Qualquer dúvida não hesites em perguntar. Boa sorte.

----------

## rodrigosiqueira

Olá noisebleed, muito obrigado pela sua atenção e por ter escrito o tutorial!!!! Ele foi uma base para mim. 

Sim eu estava me referindo ao SSD, ele é o meu sdb e o HD original é o sda. Eu desisti de usar o "SSD express cache" e para dizer a verdade estou com muita vontade de remover ele e jogar do 15° do prédio.   :Twisted Evil: 

Com relação ao Windows eu apaguei tudo referente a ele do meu Ultrabook e não tenho interesse em te-lo instalado no meu computador. Só me interessa o Linux.

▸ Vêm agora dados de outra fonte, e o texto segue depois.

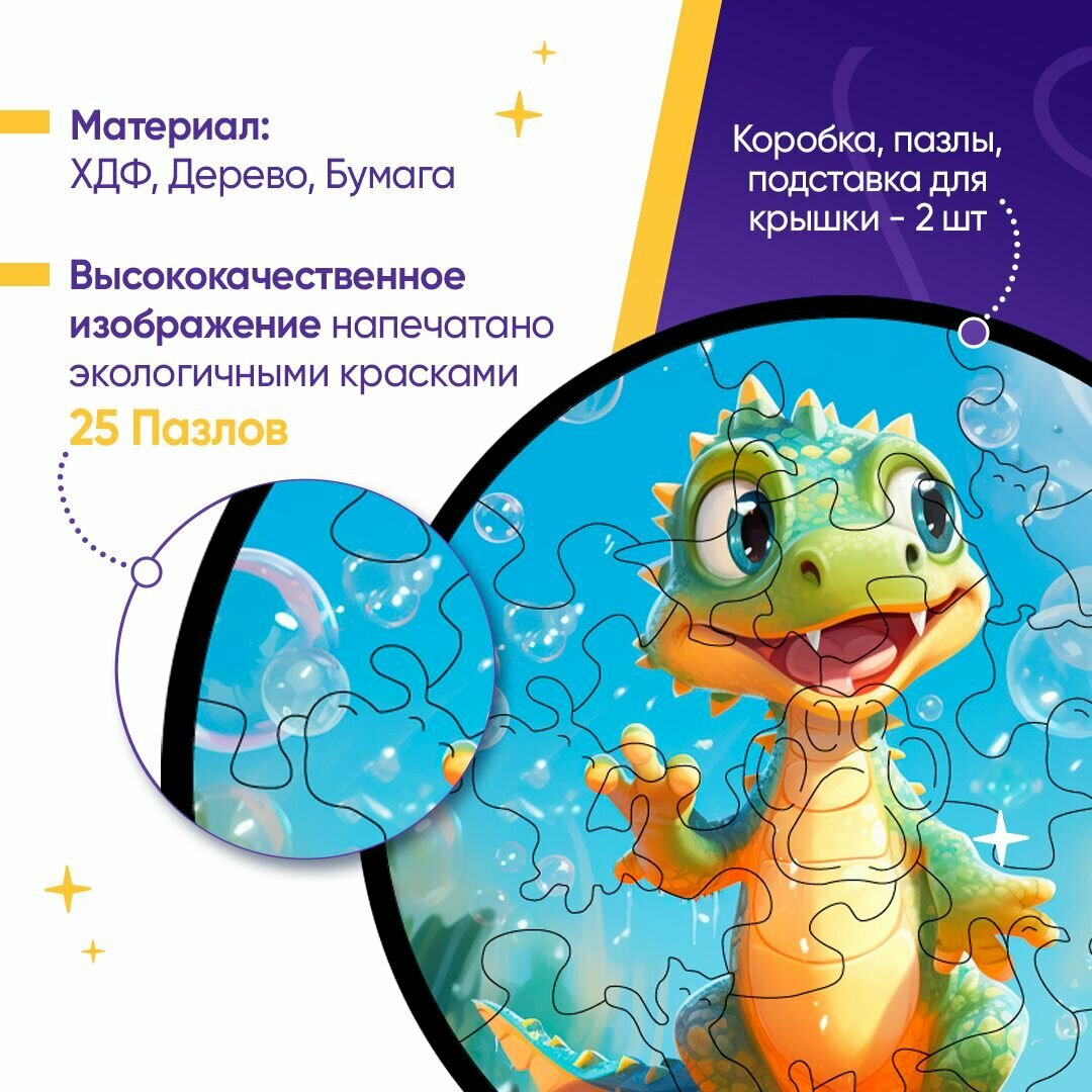 Деревянный фигурный пазл для детей "Крокодил", 25 деталей, ENTICA информация:

Eu mudei o esquema das partições para deixar da seguinte forma (lembrando que o sda é o HD original de 500Gb):

/dev/sda1 -> /boot

/dev/sda2 -> /

/dev/sda3 -> /home

/dev/sda4 -> swap

Depois que mudei para este esquema passei a ter um erro ao tentar dar o "emerge" do genkernel também. Eu queria dar o "emerge" deste pacote para usa-lo para instalar o initramfs.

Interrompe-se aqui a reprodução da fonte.